Area of Study / Keywords
Signal and Image Processing Software Engineering and Intelligent Systems
Scott Dick received his B.Sc. degree in 1997, his M.Sc. degree in 1999, and his Ph.D. in 2002, all from the University of South Florida. His Ph.D. dissertation received the USF Outstanding Dissertation Prize in 2003. He was an Assistant Professor from 2002 - 2008, an Associate Professor from 2008 - 2018, and a Professor since 2018, all with the Department of Electrical and Computer Engineering at the University of Alberta in Edmonton, AB. He has also been the Program Director for Computer Engineering since 2017. Dr. Dick has published over 80 scientific articles in journals and conferences, and is a member of the ACM, IEEE, and ASEE.
Dr. Dick’s research interests are broadly in the areas of computational intelligence (fuzzy logic and neural networks), machine learning, and data mining, as well as the interdisciplinary application of these technologies.

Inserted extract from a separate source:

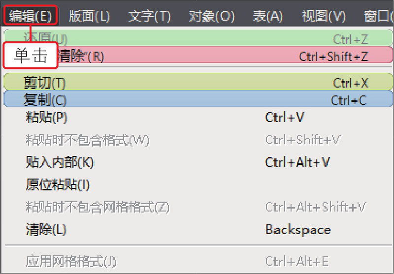02 设置后单击“确定”按钮返回工作界面,此时再单击“编辑”菜单,可以看到定义颜色后的菜单命令效果,如下图所示。

His main theoretical interests are in multivalued logics (particularly the new area of "complex fuzzy logic"), deep learning approaches based on them, and Explainable Artificial Intelligence (XAI). Some of his past applied research includes software reliability, proteomics, and livestock disease surveillance. Ongoing applied research projects include condition monitoring in pipelines and electric power distribution networks, Smart Grid applications, and railway operations optimization.
I teach courses for the Computer Engineering: Software Option degree stream. I presently teach the capstone design course for the Software Option (ECE 493). In the graduate program, I teach the Neural Networks specialty course (ECE 626).
We welcome project suggestions for both ECE 493 and ECE 626 from members of the University community, industry, government, and all other organizations. Students are free to choose a proposed project or another of their choosing, so bring your most interesting ideas - you are competing for mind share! Please contact Dr. Dick directly for further information.
Projects in ECE 493 should be a discrete software system. The project proponent and one student group will collaboratively write a Software Requirements Specification (IEEE Std. 830) defining the detailed scope of work.
Projects in ECE 626 should be a defined machine learning problem, with an anonymized non-confidential dataset (if a confidential data-sharing agreement is necessary, proponents MUST contact Dr. Dick well in advance of the start of term), as well as a data dictionary and detailed description of the machine learning task (the documentation for a Kaggle competition would be a good example). The dataset, and all ancillary materials, will be provided to volunteering ECE 626 students.
Design of software systems from concept to working prototype. Applying software engineering techniques. Working in small groups under constraints commonly experienced in industry. Exposing each team member to the design, implementation, documentation, and testing phases of the project. Managing software development projects. Provides a capstone experience in software development processes. Prerequisite: ECE 421 or CMPE 410. Credit may be obtained in only one of CMPE 440 or ECE 493.
Introductory and advanced topics in neural networks and connectionist systems. Fast backpropagation techniques including Levenberg-Marquardt and conjugate-gradient algorithms. Regularization theory. Information-theoretic learning, statistical learning, dynamic programming, neurodynamics, complex-valued neural networks.